For step (3), the emergent forest structure in dynamic equilibrium was evaluated for each species, assuming monospecific stands. Simulations were started from bare ground (in contrast to the planted initial tree cohorts in steps 1 and 2) for a time span of 1000 years, under present climate, unmanaged conditions and assuming natural regeneration, as done in other long-term DVM applications71. Simulated forest structure at the end of the simulation time was compared to observed ranges (basal area and stem density) from largely undisturbed, old-growth forest reserves in Europe (see Appendix S1 for the respective references and Fig. S1.1 for their locations). For each species, the most representative study site was selected among the forest reserves available for each species to conduct the long-term simulations (see Table S1.2). The selection was based on site characteristics reflecting old-growth forest conditions and a clear dominance by the respective species of interest. Details about the study sites and the empirical data can be found in Appendix S1.

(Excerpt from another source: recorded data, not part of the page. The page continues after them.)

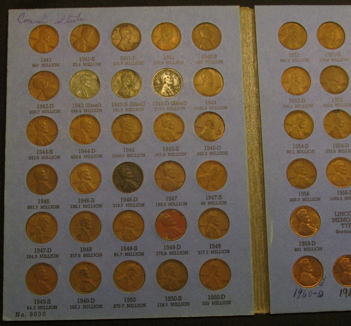 1941-2000 Partial Set of Lincoln Cents in a blue Whitman folder.
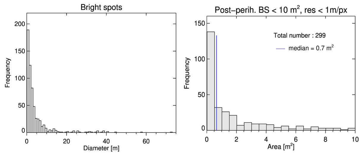 À gauche : Fréquence des zones exposant de la glace d’eau (Bright spots ou BS) en fonction de leur taille (diamètre). On voit clairement que la plupart de ces régions a une taille inférieure à quelques mètres. À droite : fréquence des zones exposant de la glace d’eau (BS) en fonction de leur surface observées après le passage du périhélie et avec une résolution spatiale < 1m/pixel.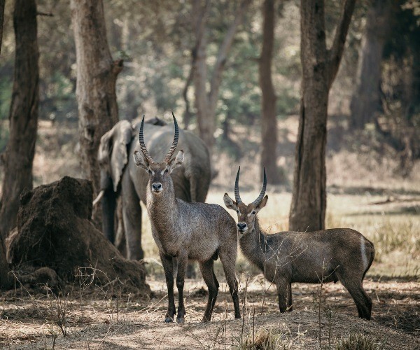 Morning, and we were up early again, but not to fish. This time heading into the park itself for a game drive. The dramatic, brown and green, folds and wrinkles of the magnificent Zambezi escarpment flatten out as they come down towards the river. Against this spectacular mountain backdrop, we head through the Winterthorn forest. The forest was full of waterbuck, males with impressive horns and females with young in tow.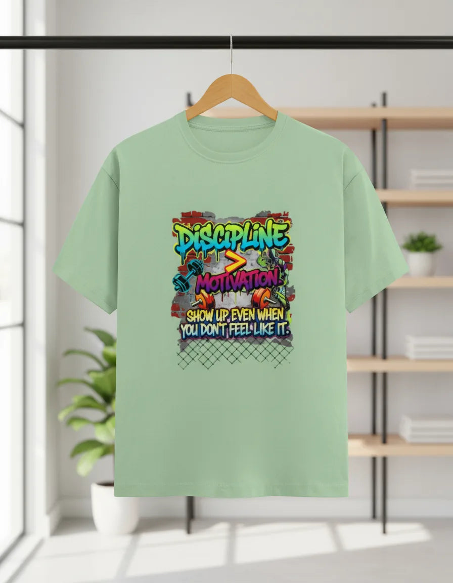 Men’s “Built on Discipline, Not Motivation” Gym & Casual Graphic T-Shirt Classic Crew T-Shirt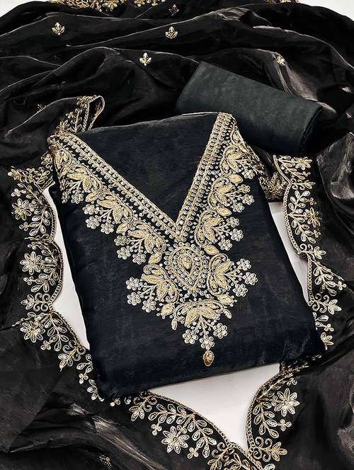 women solid with work unstitched suit set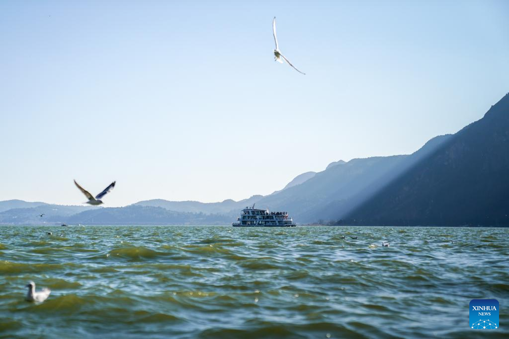 People take a sightseeing ferry on the Dianchi Lake in Kunming City, southwest China's Yunnan Province, Jan. 22, 2026. The water quality in Dianchi Lake has been maintaining on high quality level for eight consecutive years, according to the Dianchi Lake administration bureau. (Xinhua/Peng Yikai)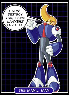 - Used as a "Rejected Mega Man Villain" in the Web Comic Dueling Analogs, as seen in the pic.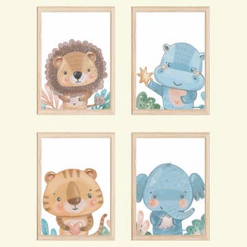 Set mit 3 Wandbildern für das Kinderzimmer, Tierkollektion Safari im Großhandel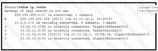 Packets received by the router from BGP enter via a serial interface at 209 165 201 1 Each route is present within the routing table Which interface is used to forward traffic with a destination IP of 10.1.1.19?

Evaluation of MA behaviour and accuracy

MA behaviour for simulation steps 1 and 2 was characterized by two indicators as in Thrippleton, et al.22 : (1) the tree cohort half-life time (MT50%), defined as the mean time until 50% of the initially present trees died, and (2) the response of the MA to changing competition or climate conditions (∆MT50%), measured as the relative percentage change in MT50% to a baseline scenario; positive ∆MT50% values indicate higher mortality in comparison to a scenario without competition or climate change, respectively. For the evaluation of the long-term DVM simulations (step 3), simulated forest structure was compared to observed ranges in empirical measurements (basal area and stem density) from largely undisturbed, old-growth forest reserves (see above and Appendix S1 for further details). All analyses and visualizations were carried out using R version 3.6.172.